Exercise directions: Exactly what is written in the records below should be returned, minus the images.

Saved entries:
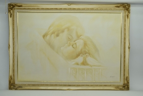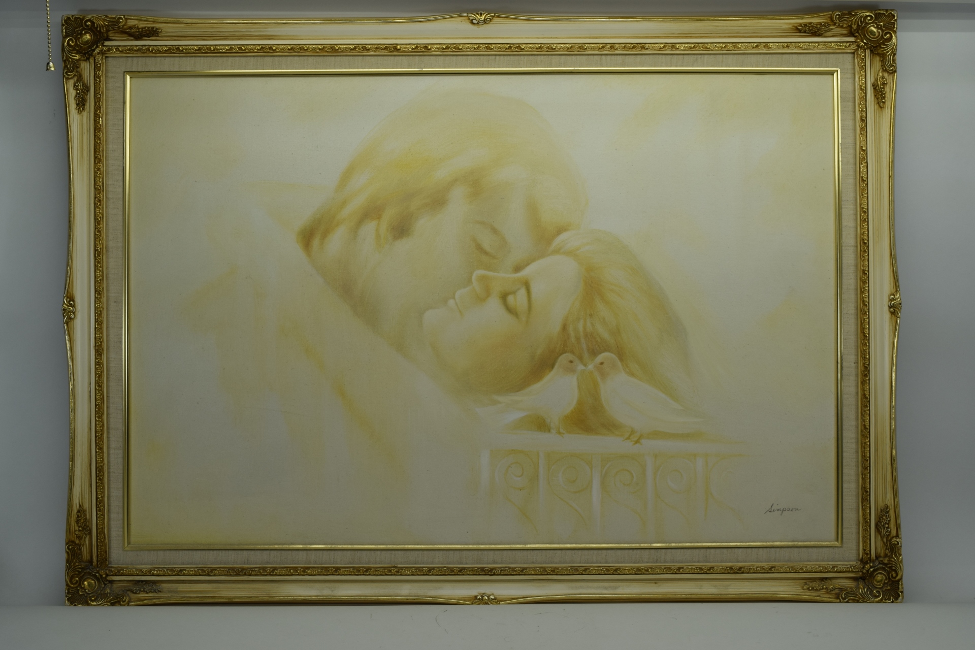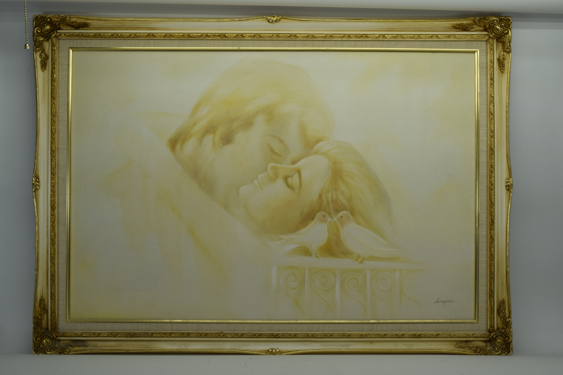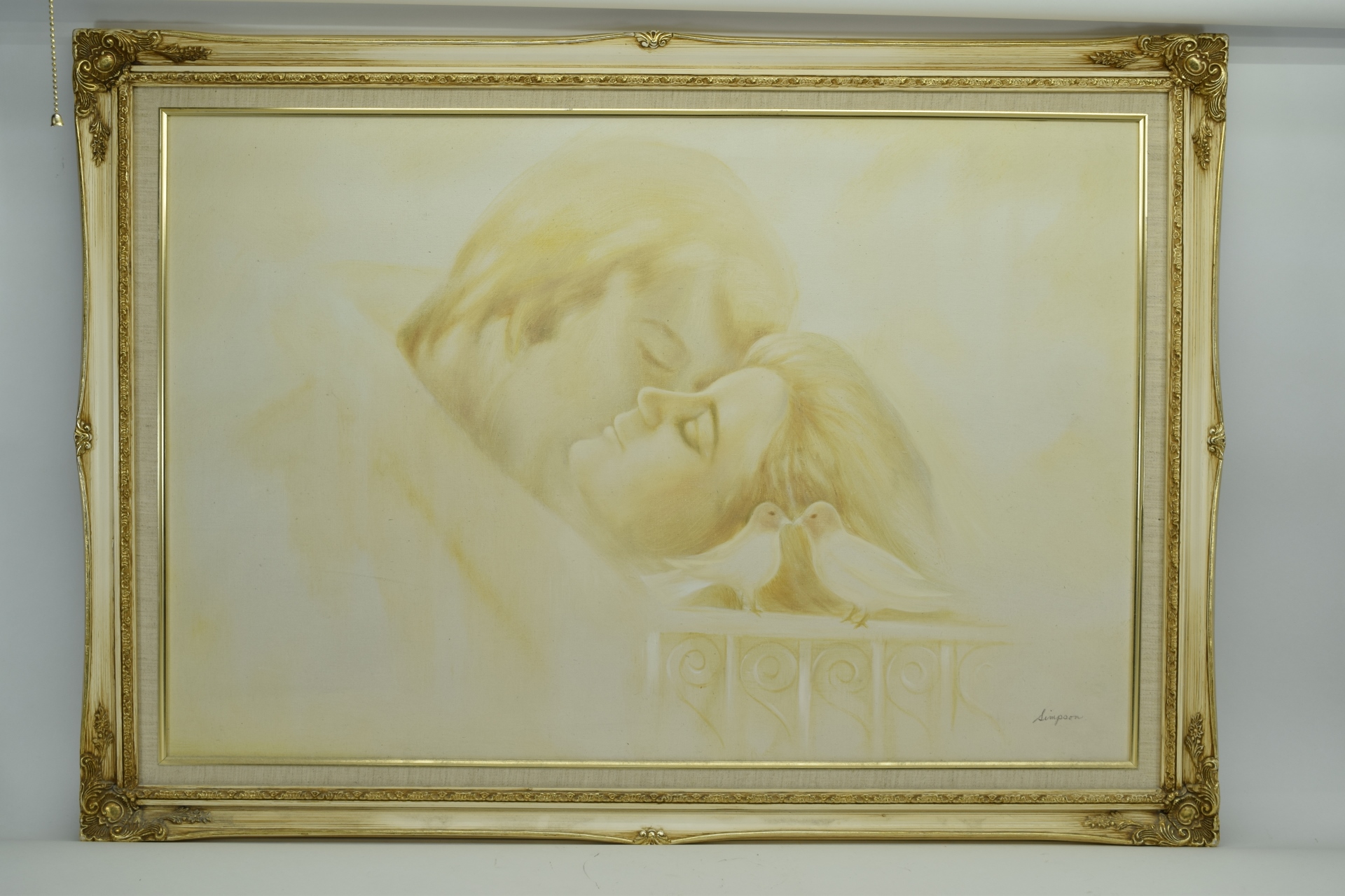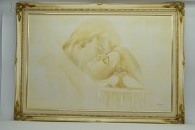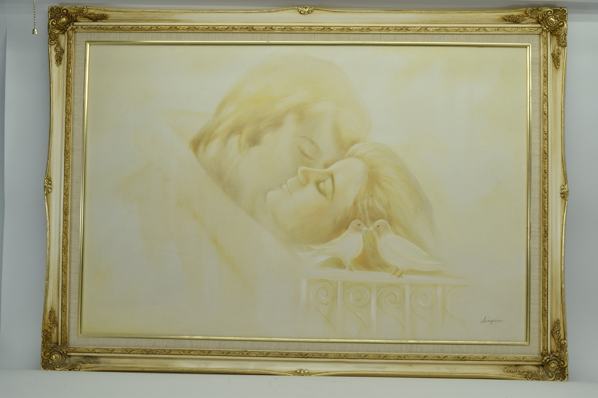 Depicting a couple's warm embrace with two birds. Measures 29-1/2” H x 41-1/2” W overall.
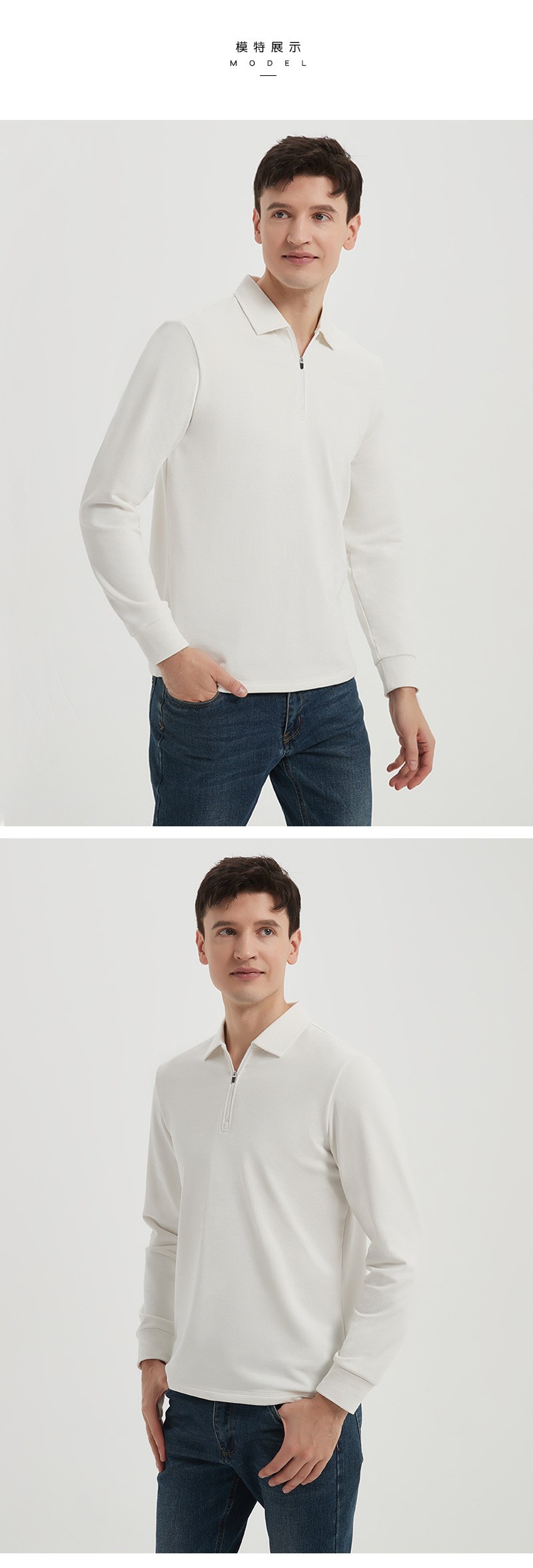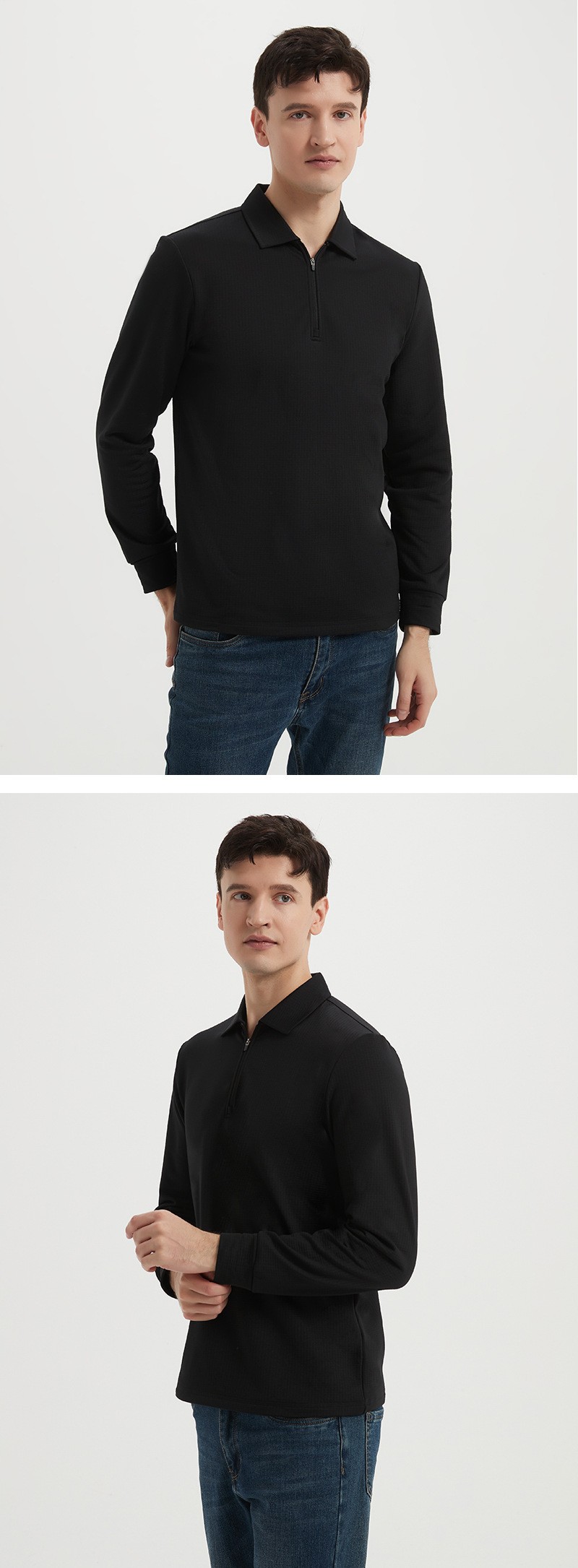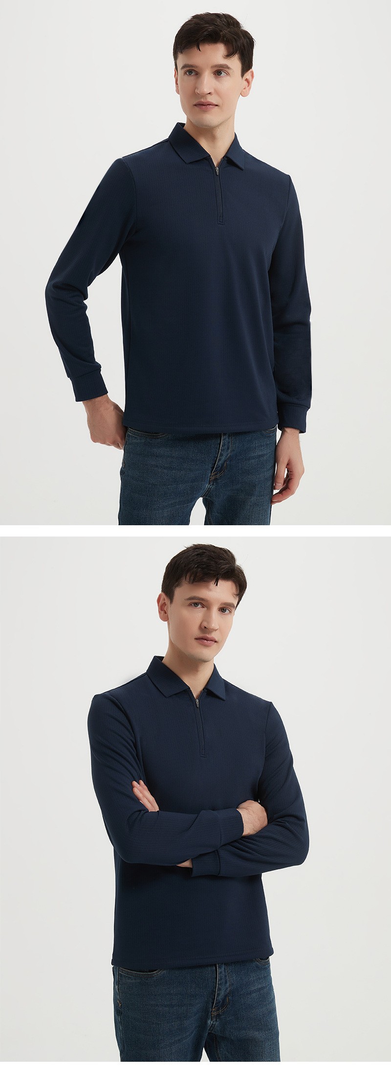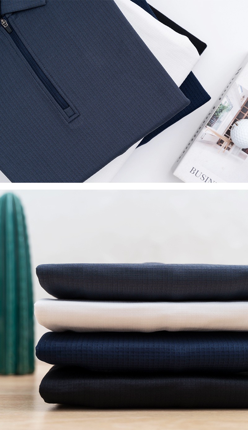 岸纾 鸟家方格拉绒半拉链长袖POLO衫280克(4色可选)P1072
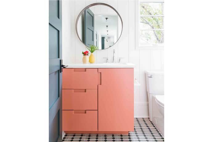 What designers say: This versatile white works with many styles and colors, Bishop says. “The reason I would suggest white on the wall is that you can then paint the vanity or the cabinet a really great, punchy color,” she says, such as Red Earth.
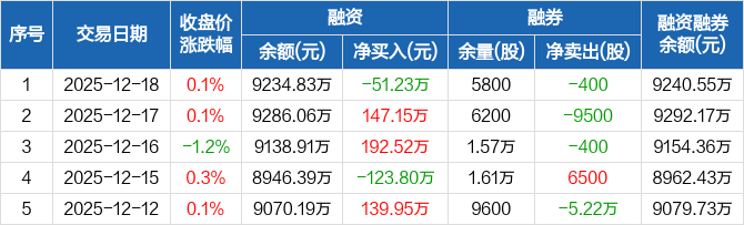 万和电气:融资净偿还51.23万元,融资余额9234.83万元(12-18)
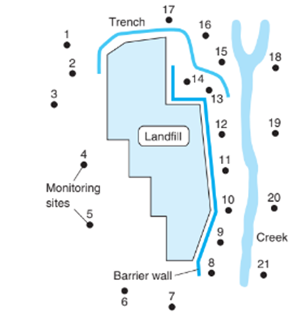 The county landfill in the diagram was monitored to verify that toxic compounds were not leaching into the local water supply. Wells drilled at 21 locations were monitored over a year and pollutants were observed only at sites\(8,11,12\), and 13 . Monitoring all 21 sites each month is very expensive. Suggest a strategy to use composite samples (Box 0-1) made from more than one well at a time to reduce the cost of routine monitoring. How will your scheme affect the minimum detectable level for pollutants at a particular site?
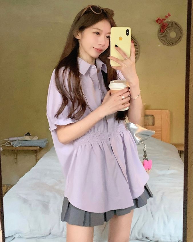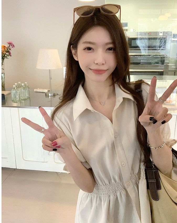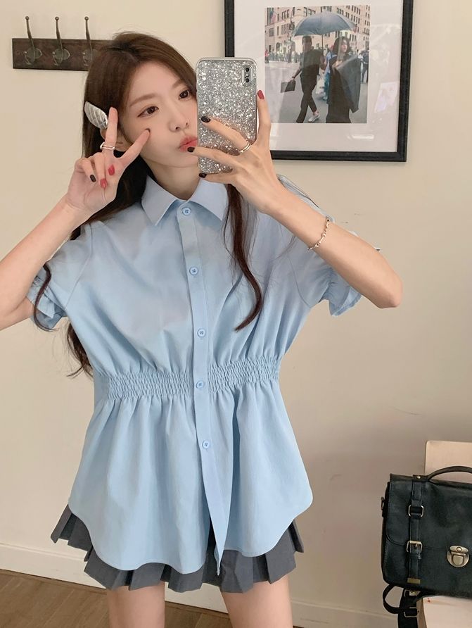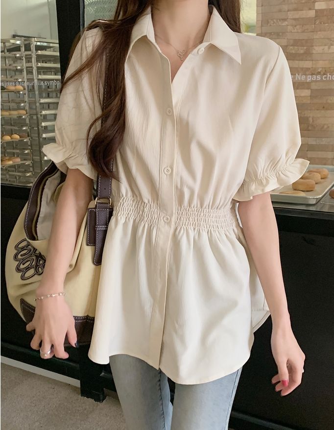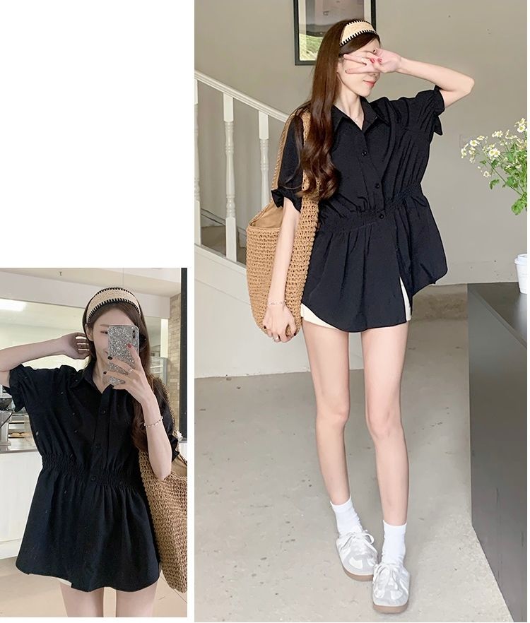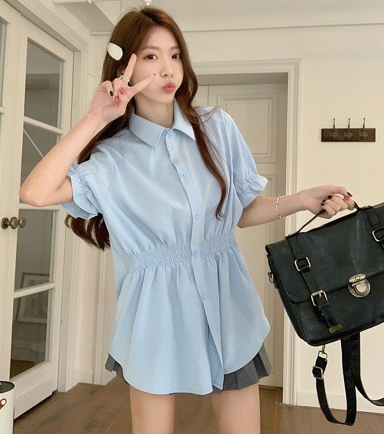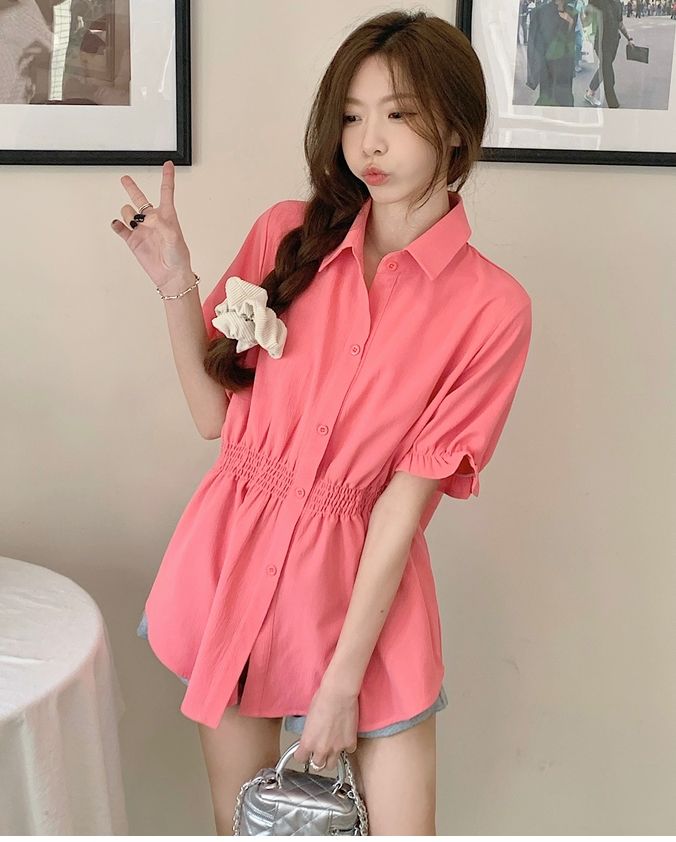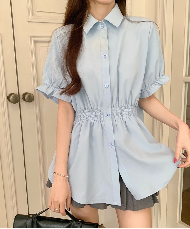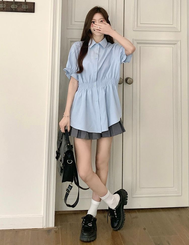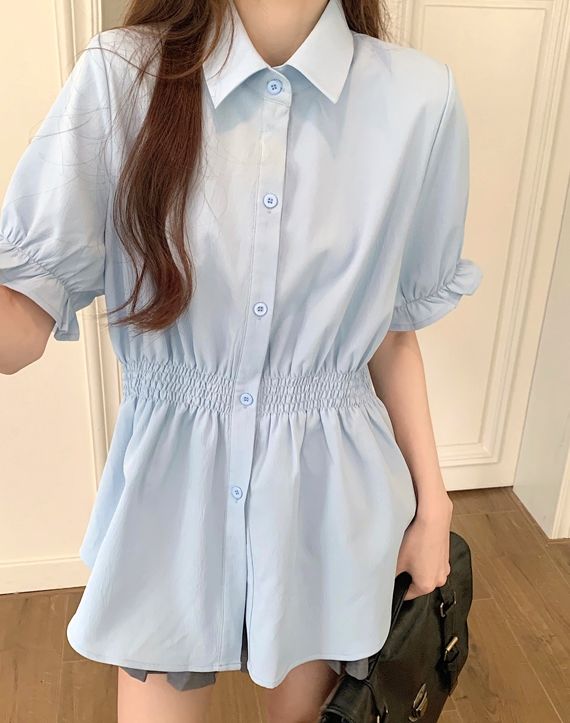 多尺碼收腰純色短袖上衣(預購)vic005203
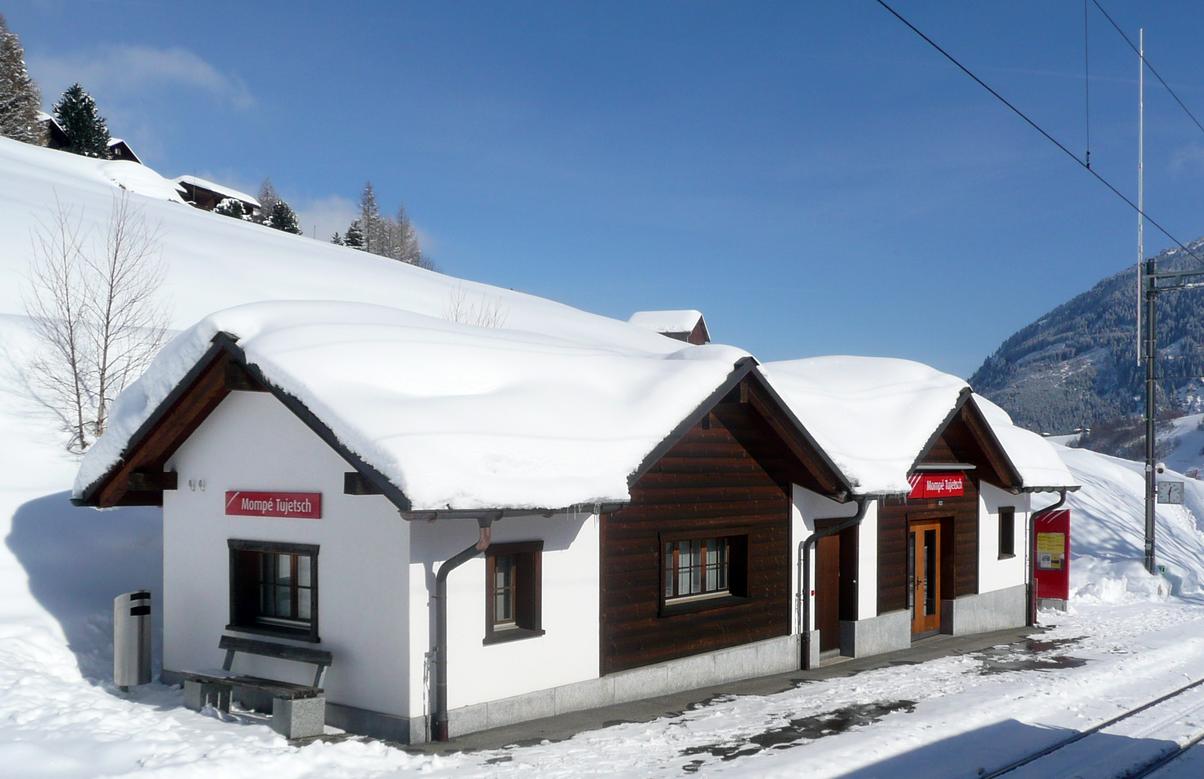 | mgb station Mompé Tujetsch on the Oberalp line, 2009-02-15. |

Task solution:
 Depicting a couple's warm embrace with two birds. Measures 29-1/2” H x 41-1/2” W overall.
 岸纾 鸟家方格拉绒半拉链长袖POLO衫280克(4色可选)P1072
 What designers say: This versatile white works with many styles and colors, Bishop says. “The reason I would suggest white on the wall is that you can then paint the vanity or the cabinet a really great, punchy color,” she says, such as Red Earth.
 万和电气:融资净偿还51.23万元,融资余额9234.83万元(12-18)
 The county landfill in the diagram was monitored to verify that toxic compounds were not leaching into the local water supply. Wells drilled at 21 locations were monitored over a year and pollutants were observed only at sites\(8,11,12\), and 13 . Monitoring all 21 sites each month is very expensive. Suggest a strategy to use composite samples (Box 0-1) made from more than one well at a time to reduce the cost of routine monitoring. How will your scheme affect the minimum detectable level for pollutants at a particular site?
 多尺碼收腰純色短袖上衣(預購)vic005203
 | mgb station Mompé Tujetsch on the Oberalp line, 2009-02-15. |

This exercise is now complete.